- **Exercise instructions**
Please produce an exact transcription of the lines from the one containing "Middle Tennessee State" through the last line of the entries, leaving out every picture.

- **Given entries**
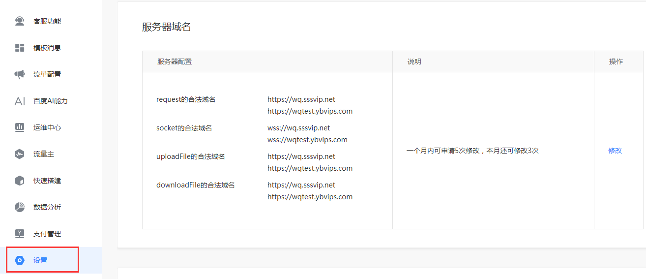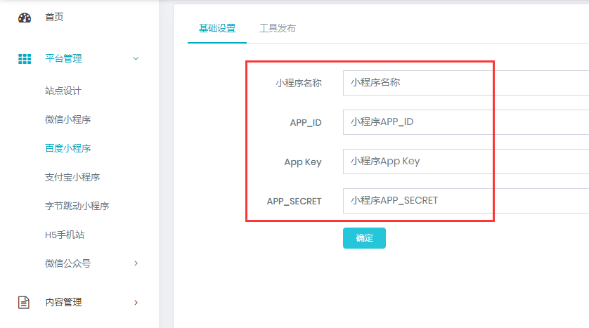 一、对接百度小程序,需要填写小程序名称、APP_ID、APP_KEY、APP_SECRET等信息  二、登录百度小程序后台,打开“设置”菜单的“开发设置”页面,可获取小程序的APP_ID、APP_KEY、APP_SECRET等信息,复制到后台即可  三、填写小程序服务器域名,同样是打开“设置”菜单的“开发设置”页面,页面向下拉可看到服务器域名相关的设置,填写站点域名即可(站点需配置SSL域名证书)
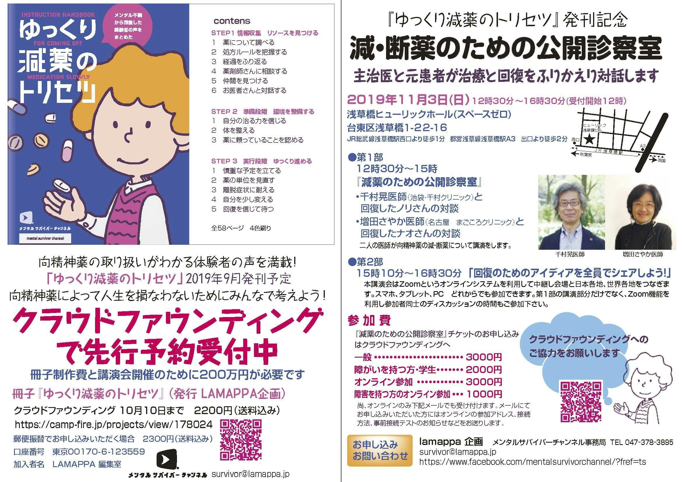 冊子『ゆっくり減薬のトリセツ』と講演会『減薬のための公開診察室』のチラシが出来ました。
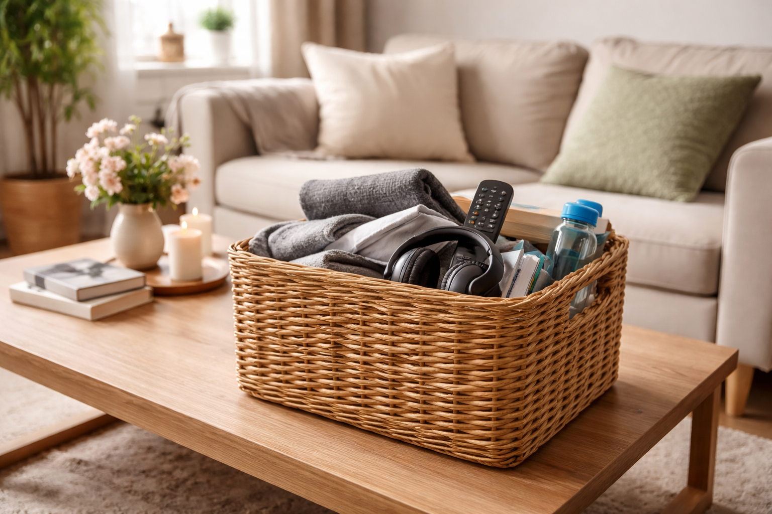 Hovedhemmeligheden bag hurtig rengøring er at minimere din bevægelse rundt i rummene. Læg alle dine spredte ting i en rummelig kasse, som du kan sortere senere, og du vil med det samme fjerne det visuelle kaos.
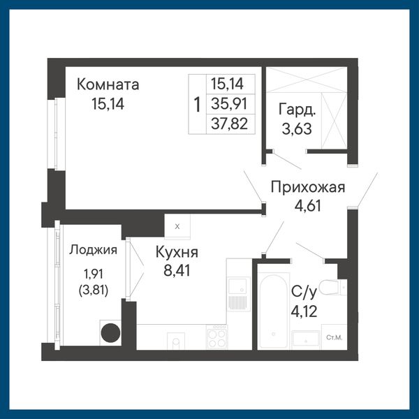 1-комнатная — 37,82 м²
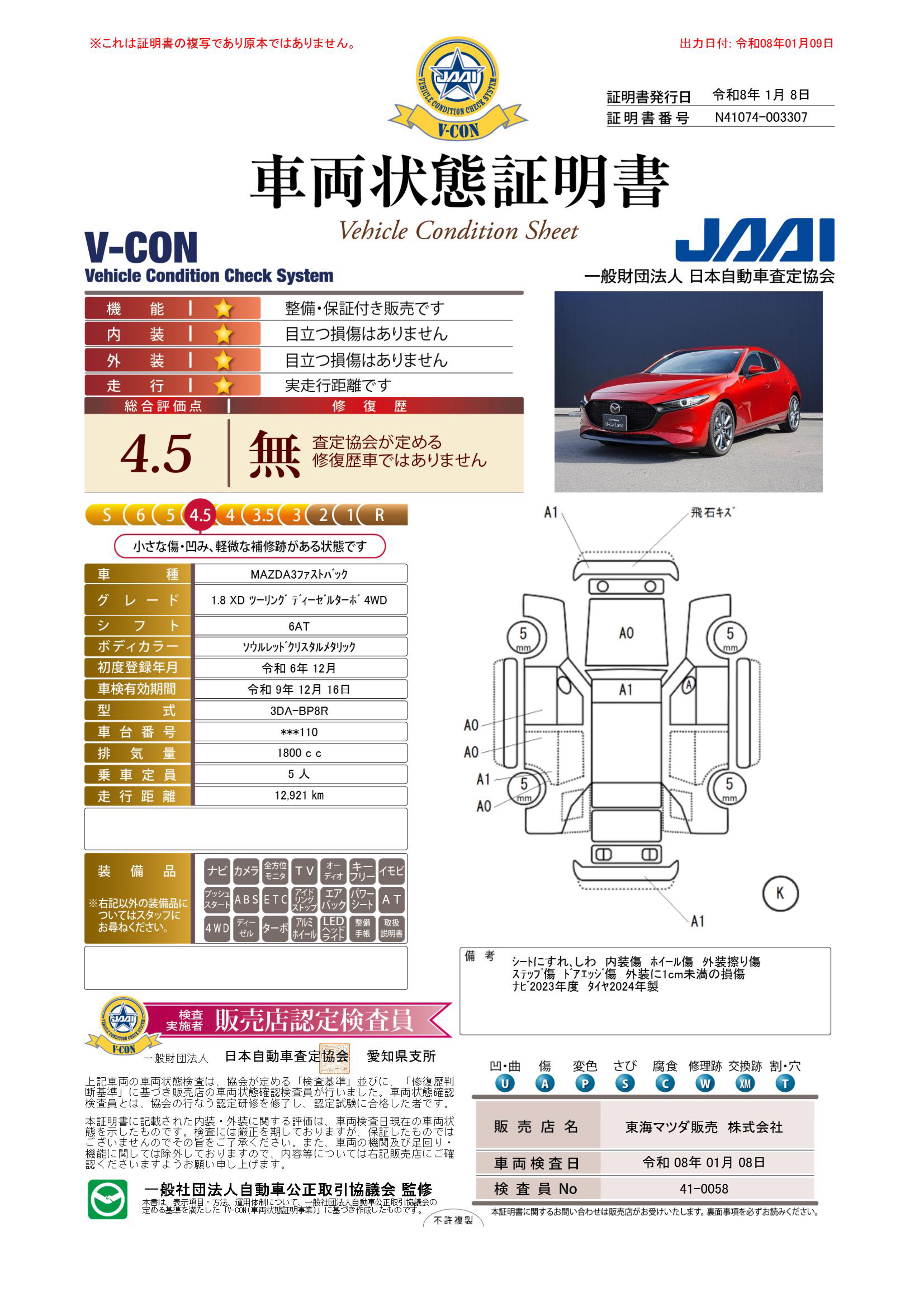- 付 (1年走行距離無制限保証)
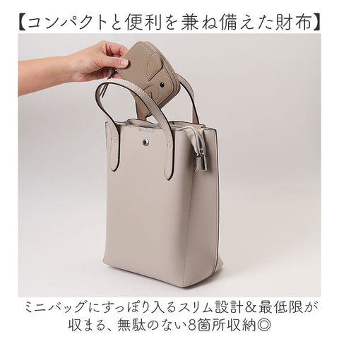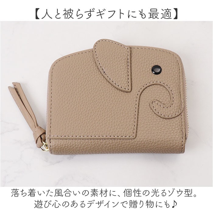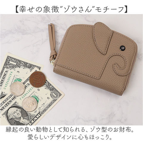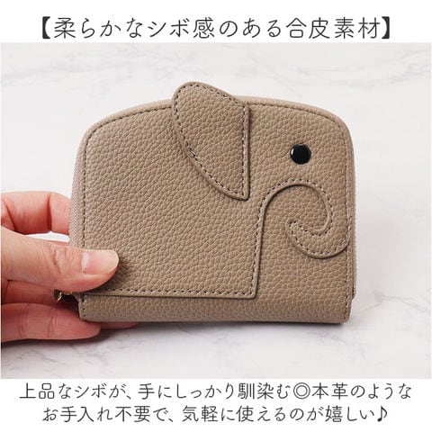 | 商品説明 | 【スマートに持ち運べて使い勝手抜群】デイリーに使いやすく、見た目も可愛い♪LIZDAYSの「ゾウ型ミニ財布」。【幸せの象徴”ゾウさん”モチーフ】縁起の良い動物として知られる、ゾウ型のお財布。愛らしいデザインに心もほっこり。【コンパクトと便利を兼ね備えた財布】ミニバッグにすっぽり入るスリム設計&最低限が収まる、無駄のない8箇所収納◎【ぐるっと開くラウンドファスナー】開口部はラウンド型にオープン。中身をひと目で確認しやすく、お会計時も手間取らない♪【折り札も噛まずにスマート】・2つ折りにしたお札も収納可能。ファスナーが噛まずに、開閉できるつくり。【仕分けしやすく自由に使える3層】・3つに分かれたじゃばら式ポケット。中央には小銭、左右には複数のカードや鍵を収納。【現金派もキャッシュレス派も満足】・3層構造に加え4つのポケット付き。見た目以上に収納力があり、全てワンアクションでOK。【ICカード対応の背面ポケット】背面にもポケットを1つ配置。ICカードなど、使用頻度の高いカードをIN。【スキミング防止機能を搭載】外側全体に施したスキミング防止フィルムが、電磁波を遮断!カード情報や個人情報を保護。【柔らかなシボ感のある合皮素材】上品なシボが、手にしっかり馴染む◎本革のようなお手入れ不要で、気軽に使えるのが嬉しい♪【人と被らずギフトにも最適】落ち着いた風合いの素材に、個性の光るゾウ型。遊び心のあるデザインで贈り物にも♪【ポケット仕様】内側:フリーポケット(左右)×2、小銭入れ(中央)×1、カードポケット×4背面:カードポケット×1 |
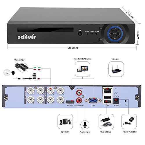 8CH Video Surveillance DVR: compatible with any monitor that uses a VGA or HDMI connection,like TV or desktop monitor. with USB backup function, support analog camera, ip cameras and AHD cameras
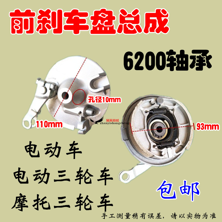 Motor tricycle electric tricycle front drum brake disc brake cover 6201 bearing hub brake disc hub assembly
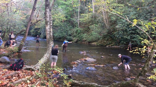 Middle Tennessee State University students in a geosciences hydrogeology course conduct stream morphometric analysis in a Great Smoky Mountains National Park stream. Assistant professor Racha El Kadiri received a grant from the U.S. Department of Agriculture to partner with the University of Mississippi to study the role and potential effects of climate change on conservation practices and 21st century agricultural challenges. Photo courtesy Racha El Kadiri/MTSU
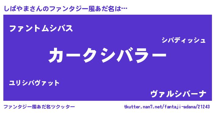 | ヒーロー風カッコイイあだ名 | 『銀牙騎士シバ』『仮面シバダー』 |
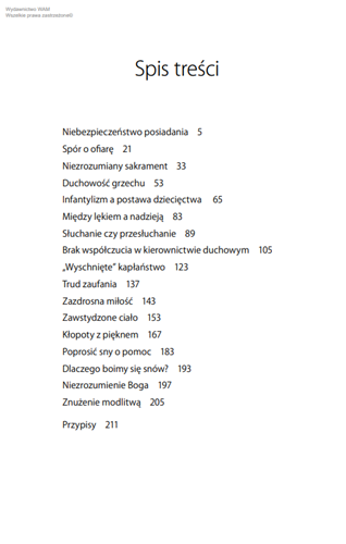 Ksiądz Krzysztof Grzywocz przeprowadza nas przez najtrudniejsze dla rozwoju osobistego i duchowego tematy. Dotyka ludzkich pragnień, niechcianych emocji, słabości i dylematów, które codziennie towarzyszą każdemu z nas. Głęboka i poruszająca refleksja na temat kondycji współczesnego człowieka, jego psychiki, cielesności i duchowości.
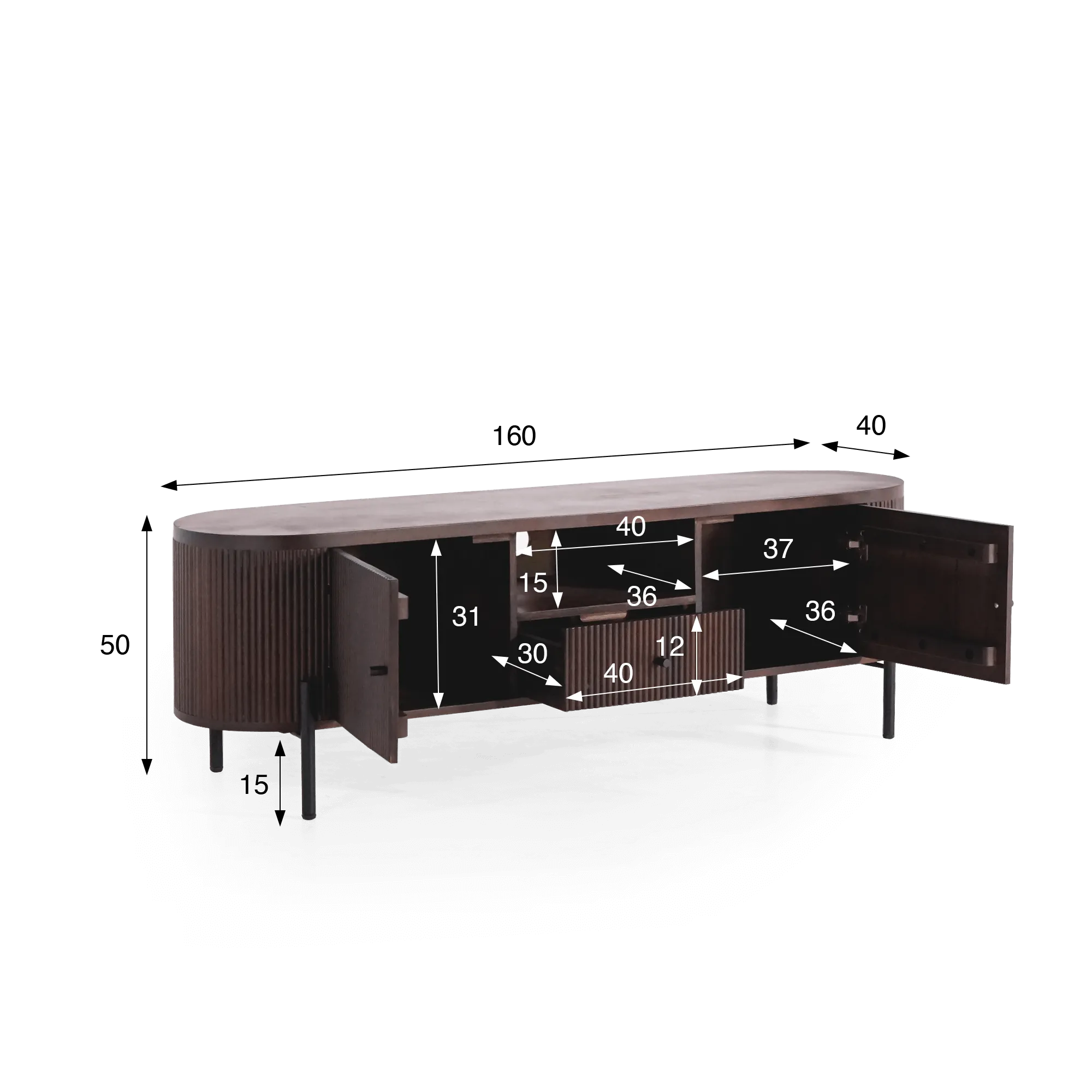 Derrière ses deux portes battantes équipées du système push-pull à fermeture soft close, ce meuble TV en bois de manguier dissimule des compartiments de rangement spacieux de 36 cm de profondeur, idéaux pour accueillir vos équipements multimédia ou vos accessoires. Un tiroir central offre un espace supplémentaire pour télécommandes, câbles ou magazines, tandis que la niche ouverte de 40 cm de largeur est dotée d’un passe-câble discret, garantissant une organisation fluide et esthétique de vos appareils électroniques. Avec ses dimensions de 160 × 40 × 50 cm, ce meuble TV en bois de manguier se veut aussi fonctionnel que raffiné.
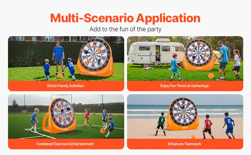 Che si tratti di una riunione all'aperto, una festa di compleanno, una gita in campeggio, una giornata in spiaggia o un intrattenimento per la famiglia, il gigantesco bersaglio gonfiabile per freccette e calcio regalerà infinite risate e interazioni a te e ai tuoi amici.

- **Solution for this problem**
 Middle Tennessee State University students in a geosciences hydrogeology course conduct stream morphometric analysis in a Great Smoky Mountains National Park stream. Assistant professor Racha El Kadiri received a grant from the U.S. Department of Agriculture to partner with the University of Mississippi to study the role and potential effects of climate change on conservation practices and 21st century agricultural challenges. Photo courtesy Racha El Kadiri/MTSU
 | ヒーロー風カッコイイあだ名 | 『銀牙騎士シバ』『仮面シバダー』 |
 Ksiądz Krzysztof Grzywocz przeprowadza nas przez najtrudniejsze dla rozwoju osobistego i duchowego tematy. Dotyka ludzkich pragnień, niechcianych emocji, słabości i dylematów, które codziennie towarzyszą każdemu z nas. Głęboka i poruszająca refleksja na temat kondycji współczesnego człowieka, jego psychiki, cielesności i duchowości.
 Derrière ses deux portes battantes équipées du système push-pull à fermeture soft close, ce meuble TV en bois de manguier dissimule des compartiments de rangement spacieux de 36 cm de profondeur, idéaux pour accueillir vos équipements multimédia ou vos accessoires. Un tiroir central offre un espace supplémentaire pour télécommandes, câbles ou magazines, tandis que la niche ouverte de 40 cm de largeur est dotée d’un passe-câble discret, garantissant une organisation fluide et esthétique de vos appareils électroniques. Avec ses dimensions de 160 × 40 × 50 cm, ce meuble TV en bois de manguier se veut aussi fonctionnel que raffiné.
 Che si tratti di una riunione all'aperto, una festa di compleanno, una gita in campeggio, una giornata in spiaggia o un intrattenimento per la famiglia, il gigantesco bersaglio gonfiabile per freccette e calcio regalerà infinite risate e interazioni a te e ai tuoi amici.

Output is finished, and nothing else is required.